Director of Quarterly Economy Wide Surveys, Ben James, said bushfires in January negatively impacted a range of retail businesses across a variety of industries and retailers reported a range of impacts that reduced customer numbers, including interruptions to trading hours and tourism.
The trend estimate for Australian retail turnover rose 0.1 per cent in January 2020, following a 0.1 per cent rise in December 2019. Compared to January 2019, the trend estimate rose 2.3 per cent.
Online retail turnover contributed 6.3 per cent to total retail turnover in original terms in January 2020. In January 2019, online retail turnover contributed 5.6 per cent to total retail.

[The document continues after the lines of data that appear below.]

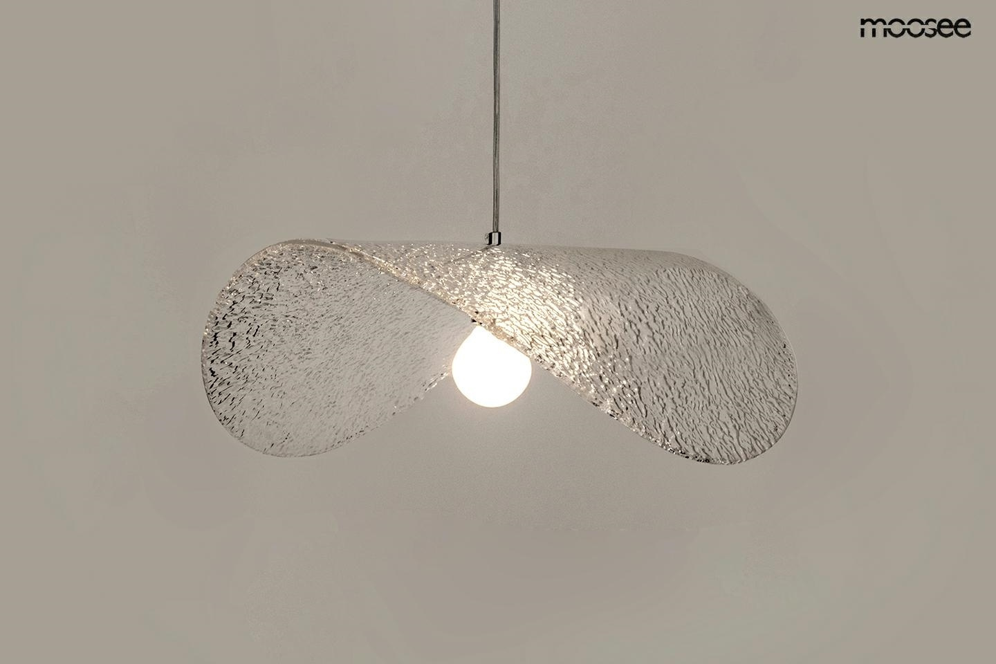 - MOOSEE Lampa wisząca CAPELLO FI 60 clear. Wyjątkowa oprawa, która zachwyca swoim pięknym, strukturalnym szklanym kloszem przypominającym kapelusz. Wewnątrz klosza ukryte jest źródło światła, które delikatnie rozprasza się przez szkło, tworząc przytulną i
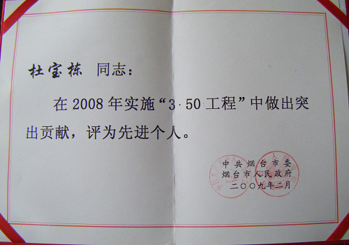 程”先 進(jìn)集體榮譽(yù)稱號(hào),董事長(zhǎng)杜寶棟被評(píng)為實(shí)施“3.50工程”先進(jìn)個(gè)人。
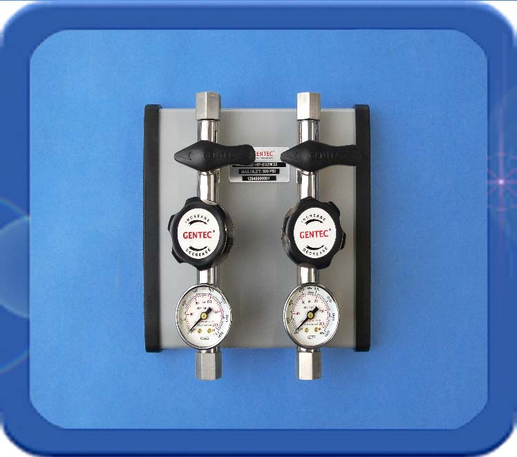 Dit mesing verchroomde tweevoudige afnamepunt is regelbaar van 0-10 bar. Het afnamepunt heeft een leak rate van 2 x 10-8 atm.cc/sec. He.
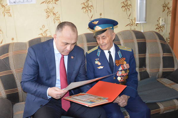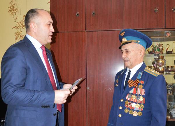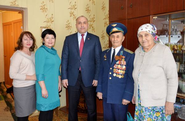 Глава Азнакаевского муниципального района Марсель Шайдуллин поздравил с 82-летием Гаптелхакова Миннехуза Гаптелхаковича
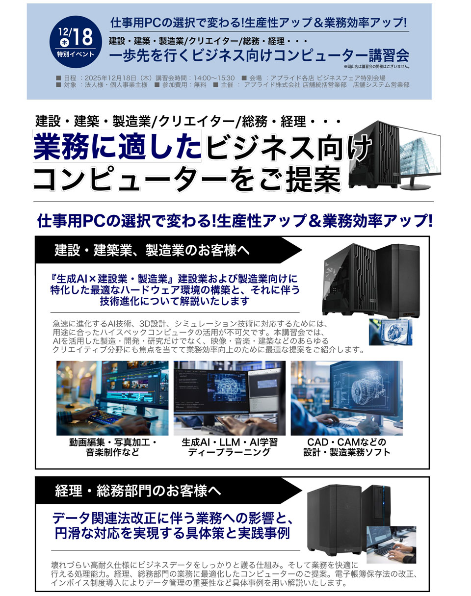 法人様・個人事業主様業務に適したビジネス向けコンピューターのご提案!
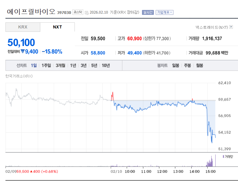 그 결과 2월 10일 에이프릴바이오는 15.80% 급락하게 되었습니다.
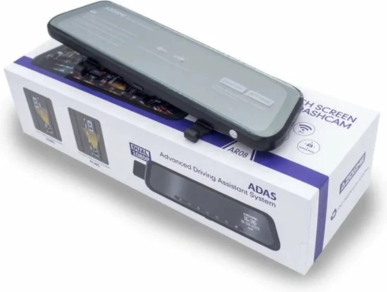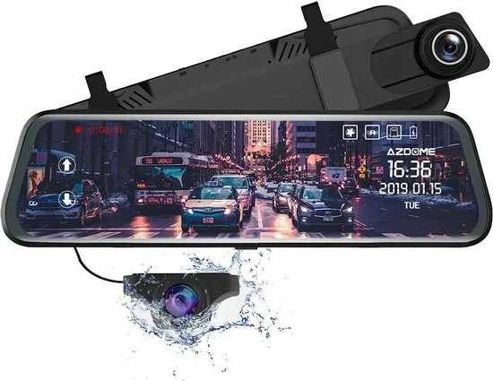 De AZDome AR08 Full Mirror is een high-end dashcam met een uniek spiegel of binnenspiegel design. Deze AZDome AR08 heeft een zeer groot 10 inch Touchscreen LCD geïntegreerd in de volledige spiegel dat in combinatie met de 1920*1080p achtercamera een digitale binnenspiegel vormt. Door het gebruik van de achtercamera kan het zicht via de spiegel tot 300% worden verbeterd, vooral in het donker en bij slechte weersomstandigheden. De AR08 heeft bovendien een parkeerstand, G-sensor en de optie om een GPS module aan te sluiten zodat coördinaten en snelheid worden bijgehouden.
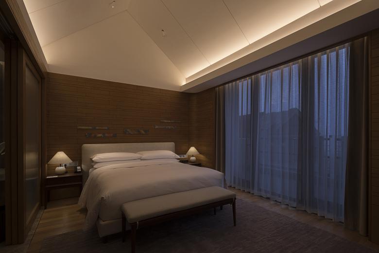 Combined with the inwardly recessed herringbone overhang structure of the guest room building, PROL sets the lighting points in the recessed position of the eaves and the interior of building. Although there is no visible light source on the top and façade of the building, the light spilling over the eaves and corners inadvertently outlines and renders the simple and elegant shape and texture of the eaves and walls.
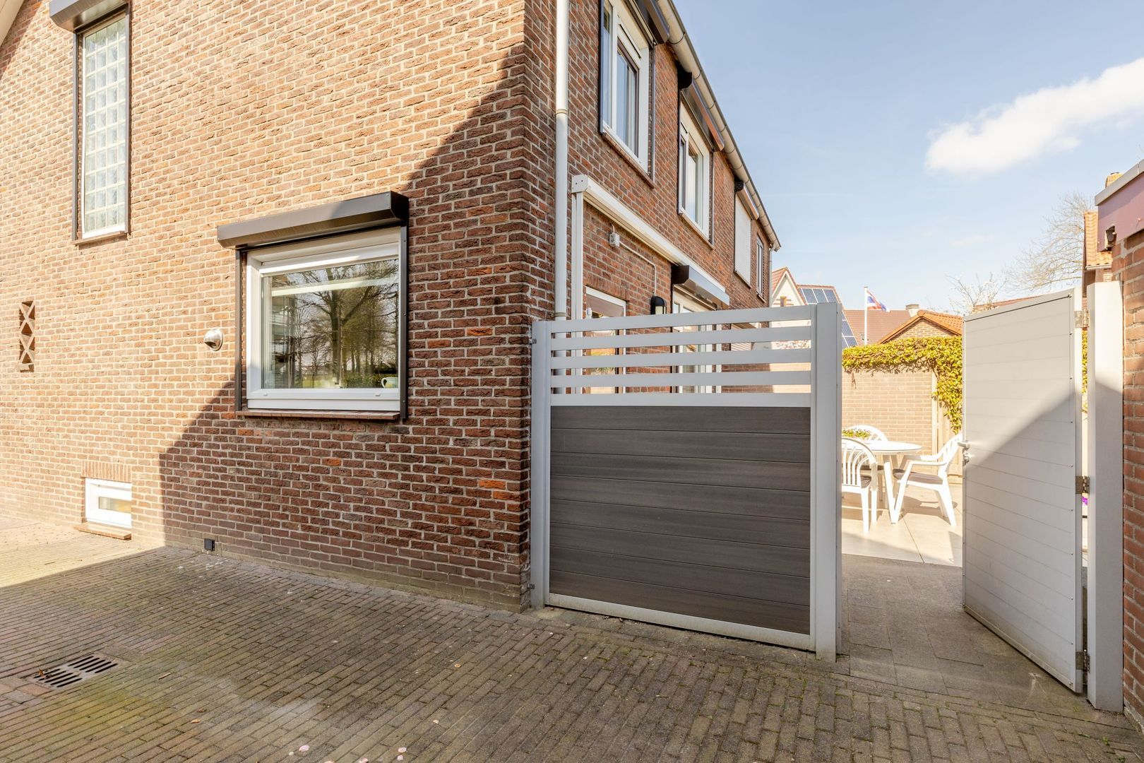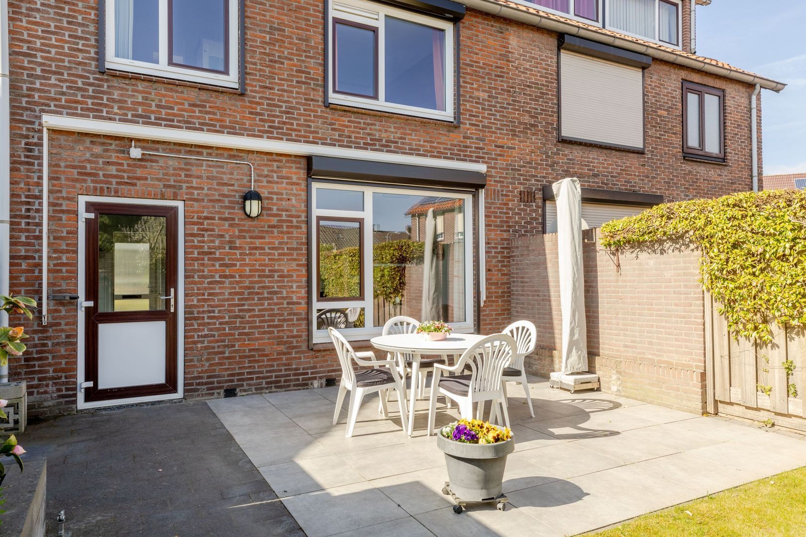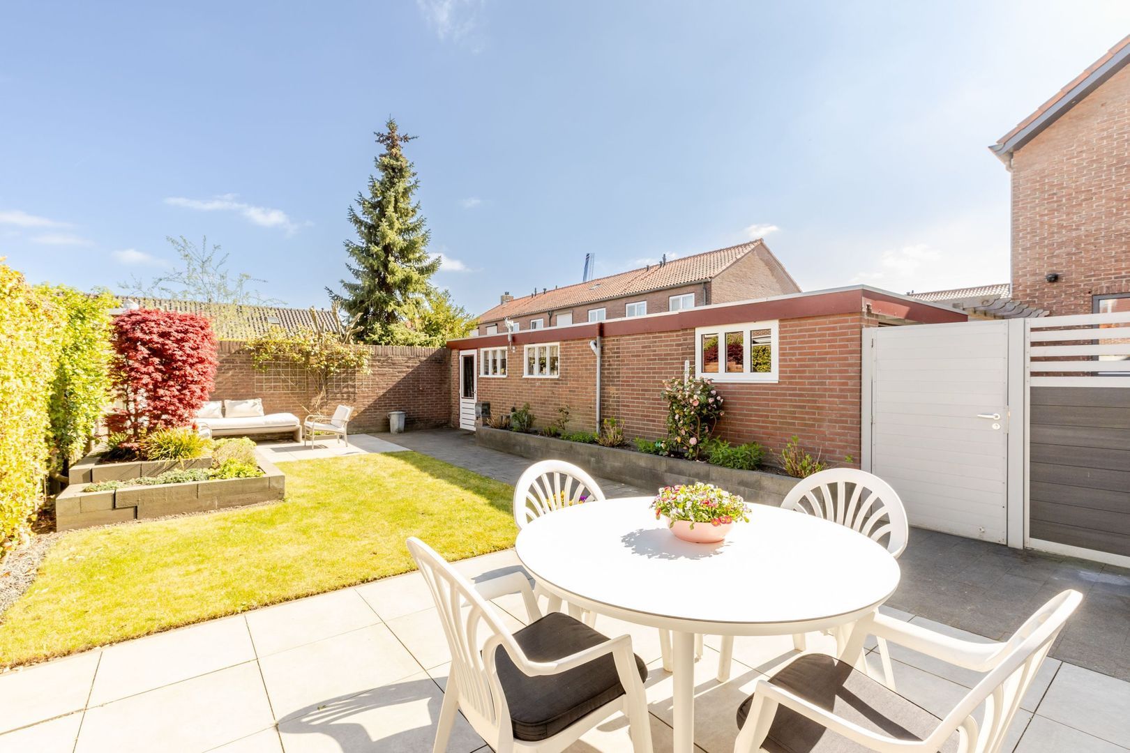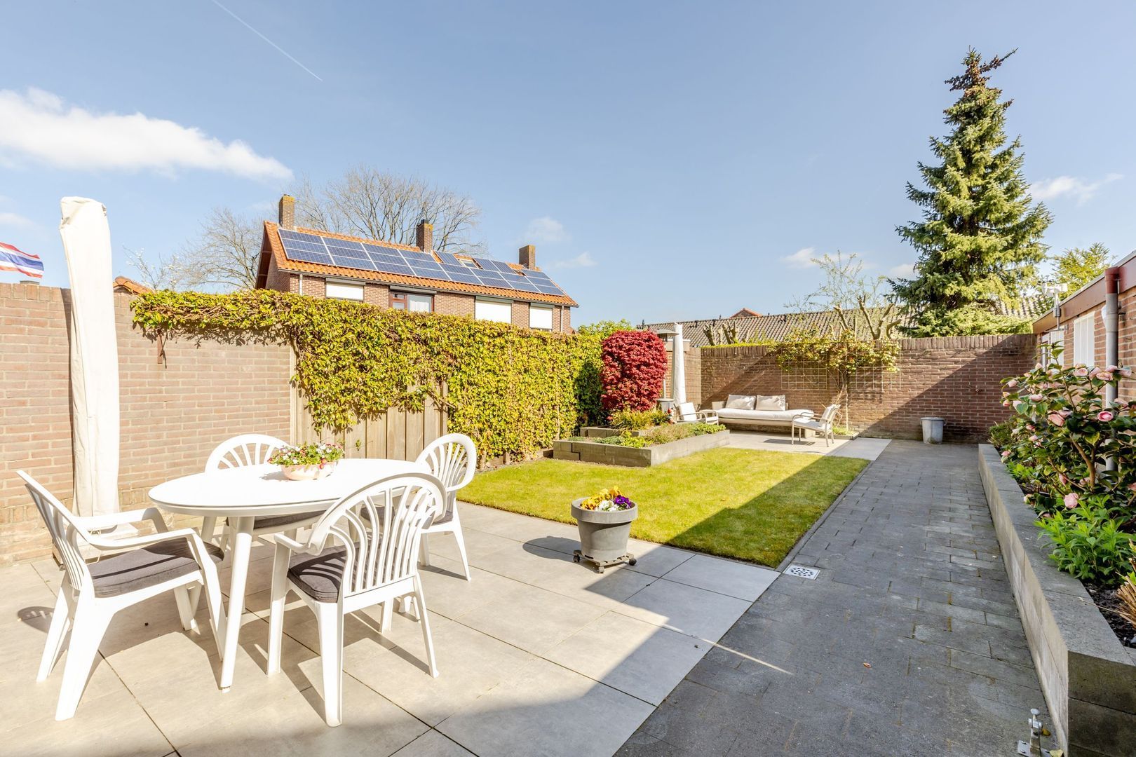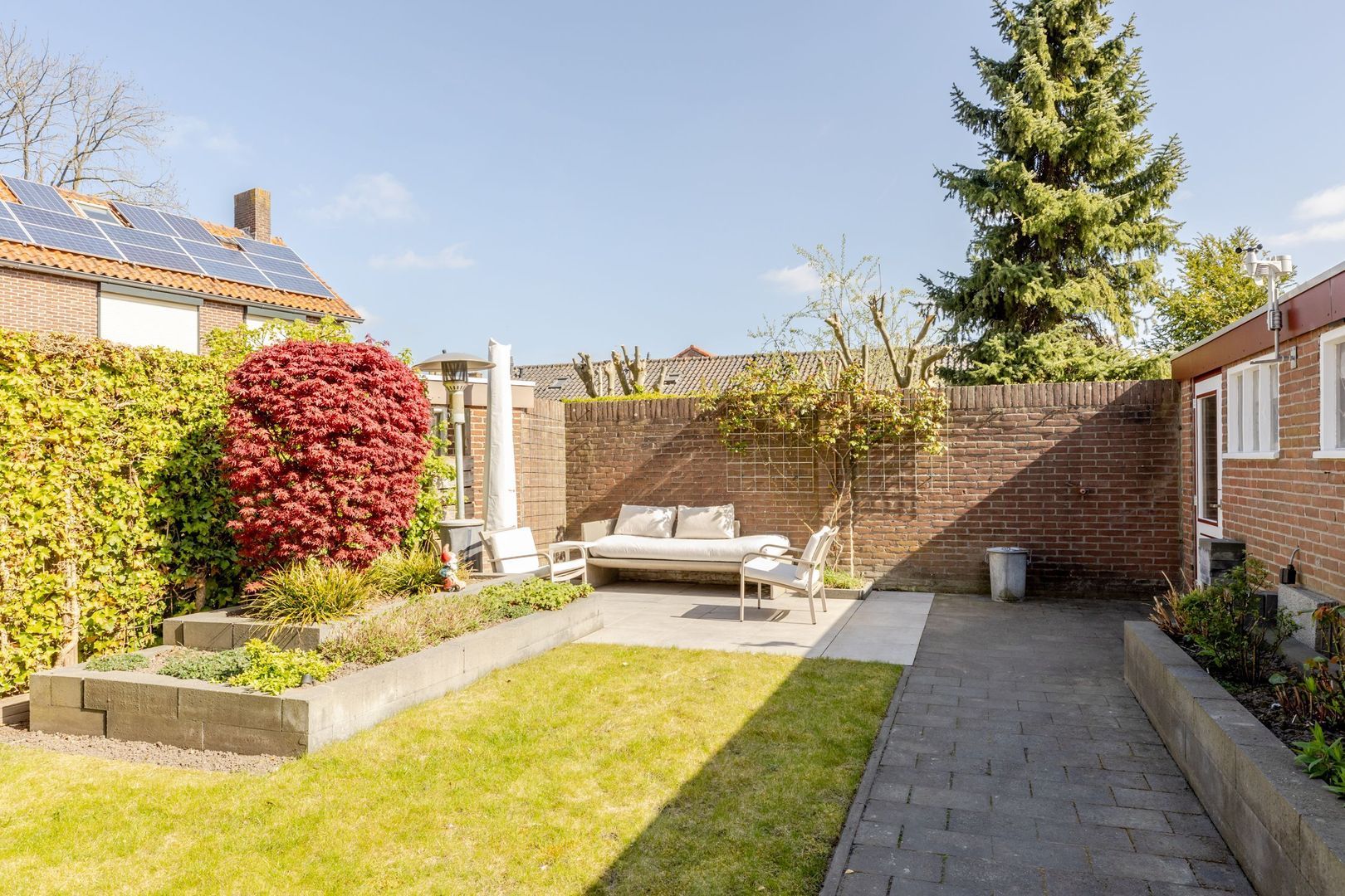 De achtertuin wordt begrensd door de extra lange garage/berging en een afsluitbare poort. Hierdoor biedt deze veel privacy. Er zijn twee flinke terrassen aangelegd, zodat er optimaal genoten kan worden van zon of schaduw.

Marine propulsion and gyro stabilisation company, VEEM (ASX:VEE) has successfully constructed the world’s largest and most powerful known gyrostabilizer. The stabilising device is due for delivery to Europe’s second largest ship builder, Damen Shipyards which consists of 36 shipbuilding and repair yards, employing 12,000 people worldwide. At 20 metric tonnes, the VG1000 SD easily eclipses the second largest gyro product VEEM produces, the VG260, which is approximately one quarter of the size of the VG1000 SD. VEEM Managing Director Mark Miocevich said the VG1000 SD has a broad potential market, with the product best suited to vessels 60 metres to 90 metres in length, which encompasses luxury and superyachts, defence and civil vessels, and has further commercial applications including windfarm services, oilfield services, crew transfer and ferries. Shares in VEEM (ASX:VEE) are trading 5.3 per cent lower at 45 cents.
Best and worst performers
The best performing sector is Consumer Staples, adding 0.1 per cent, while the worst performing sector is Information Technology, shedding 2.8 per cent.
The best performing stock in the S&P/ASX 200 is Gold Road Resources (ASX:GOR), rising 5.5 per cent to $1.45, followed by shares in Sonic Healthcare (ASX:SHL) and Regis Resources (ASX:RRL).
The worst performing stock in the S&P/ASX 200 is Ooh! Media (ASX:OML), dropping 8.2 per cent to $2.47, followed by shares in Southern Cross Media (ASX:SXL) and Janus Henderson Group (ASX:JHG).
Commodities and the dollar
Gold is trading at US$1,672 an ounce.
Iron ore price rose 1.7 per cent to US$92.57.
Iron ore futures are pointing to a fall of 0.9 per cent.
One Australian dollar is buying 66.10 US cents.